For the material below, reproduce exactly each line from the one that has "Here, we see" through the one that has "Tužnim srcem javljamo", and no others; pictures stay out.

> _DATA PROVIDED_
□ □ □ □ □ □ □
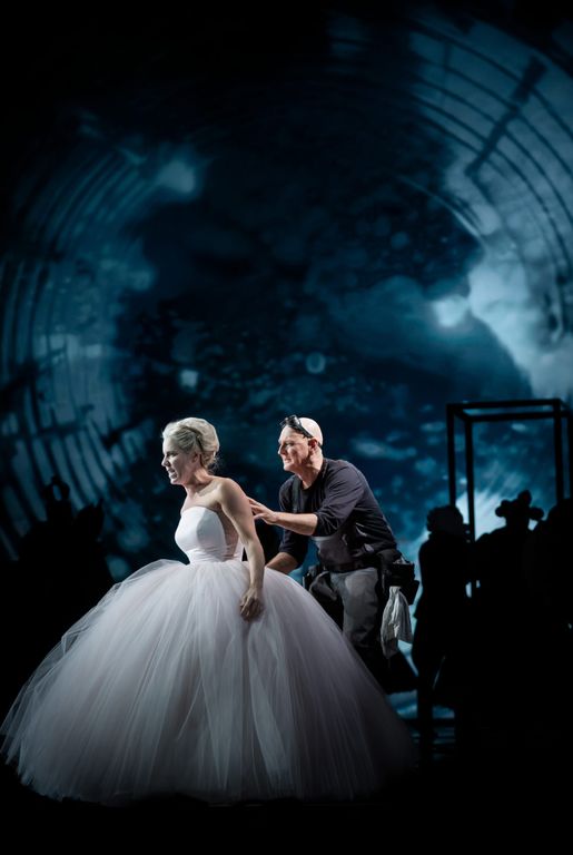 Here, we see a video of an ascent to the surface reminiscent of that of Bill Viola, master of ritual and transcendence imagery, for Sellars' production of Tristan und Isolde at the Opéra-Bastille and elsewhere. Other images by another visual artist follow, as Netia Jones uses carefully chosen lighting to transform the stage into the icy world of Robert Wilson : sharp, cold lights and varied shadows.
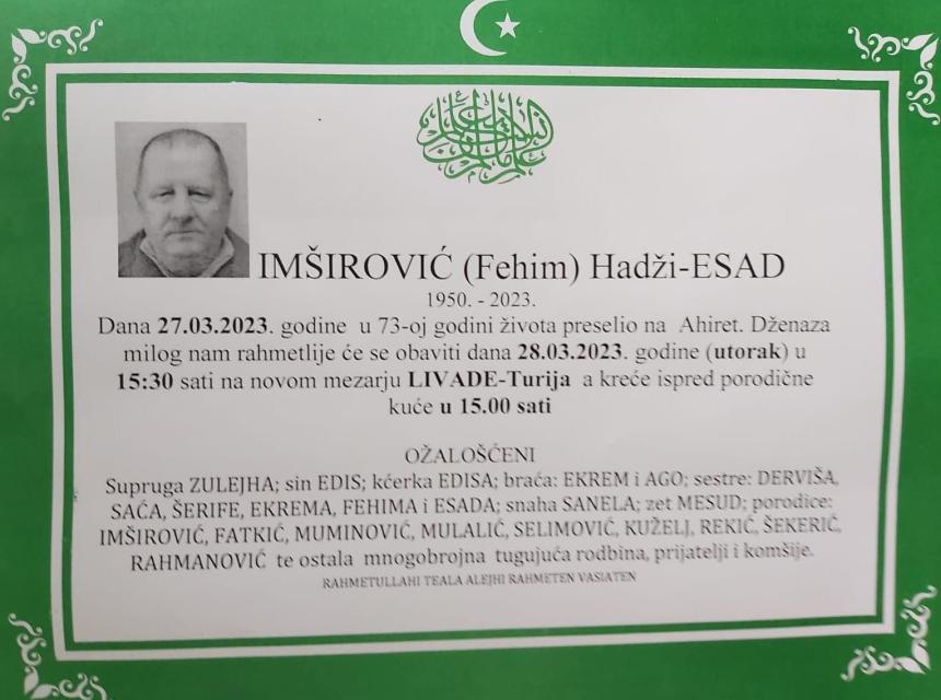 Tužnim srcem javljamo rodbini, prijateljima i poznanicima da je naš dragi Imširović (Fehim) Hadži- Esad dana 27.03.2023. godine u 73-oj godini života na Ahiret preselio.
□ □ □ □ □ □ □
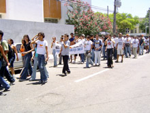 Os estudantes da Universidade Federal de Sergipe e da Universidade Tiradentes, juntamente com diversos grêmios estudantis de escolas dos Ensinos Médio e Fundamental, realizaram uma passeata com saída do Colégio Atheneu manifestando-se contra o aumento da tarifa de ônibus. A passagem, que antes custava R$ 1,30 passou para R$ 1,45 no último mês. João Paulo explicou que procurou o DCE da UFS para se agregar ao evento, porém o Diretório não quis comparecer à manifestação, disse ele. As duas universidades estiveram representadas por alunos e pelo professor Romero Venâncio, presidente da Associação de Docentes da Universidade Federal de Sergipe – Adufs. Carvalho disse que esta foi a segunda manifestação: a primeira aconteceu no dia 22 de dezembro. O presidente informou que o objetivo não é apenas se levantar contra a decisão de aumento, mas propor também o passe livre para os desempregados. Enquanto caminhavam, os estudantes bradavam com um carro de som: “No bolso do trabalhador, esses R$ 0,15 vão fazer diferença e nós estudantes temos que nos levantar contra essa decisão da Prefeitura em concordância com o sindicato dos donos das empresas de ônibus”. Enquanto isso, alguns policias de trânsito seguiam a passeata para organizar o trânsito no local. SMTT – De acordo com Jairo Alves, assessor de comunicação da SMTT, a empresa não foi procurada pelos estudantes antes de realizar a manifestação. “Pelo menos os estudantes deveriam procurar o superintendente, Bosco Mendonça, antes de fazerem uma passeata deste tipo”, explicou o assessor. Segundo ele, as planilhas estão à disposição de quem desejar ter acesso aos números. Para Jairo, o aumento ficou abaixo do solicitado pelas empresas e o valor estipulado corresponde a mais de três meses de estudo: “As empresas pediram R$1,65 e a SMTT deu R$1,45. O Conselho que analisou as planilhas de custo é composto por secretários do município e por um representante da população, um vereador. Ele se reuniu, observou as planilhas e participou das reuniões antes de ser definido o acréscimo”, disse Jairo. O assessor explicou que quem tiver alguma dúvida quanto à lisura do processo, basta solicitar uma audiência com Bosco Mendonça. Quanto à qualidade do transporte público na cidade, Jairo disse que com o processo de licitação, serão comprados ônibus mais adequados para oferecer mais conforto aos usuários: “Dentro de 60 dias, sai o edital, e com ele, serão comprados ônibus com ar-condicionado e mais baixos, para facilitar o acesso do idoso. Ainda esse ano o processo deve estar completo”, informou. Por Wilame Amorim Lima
□ □ □ □ □ □ □
> _TASK RESULT_
 Here, we see a video of an ascent to the surface reminiscent of that of Bill Viola, master of ritual and transcendence imagery, for Sellars' production of Tristan und Isolde at the Opéra-Bastille and elsewhere. Other images by another visual artist follow, as Netia Jones uses carefully chosen lighting to transform the stage into the icy world of Robert Wilson : sharp, cold lights and varied shadows.
 Tužnim srcem javljamo rodbini, prijateljima i poznanicima da je naš dragi Imširović (Fehim) Hadži- Esad dana 27.03.2023. godine u 73-oj godini života na Ahiret preselio.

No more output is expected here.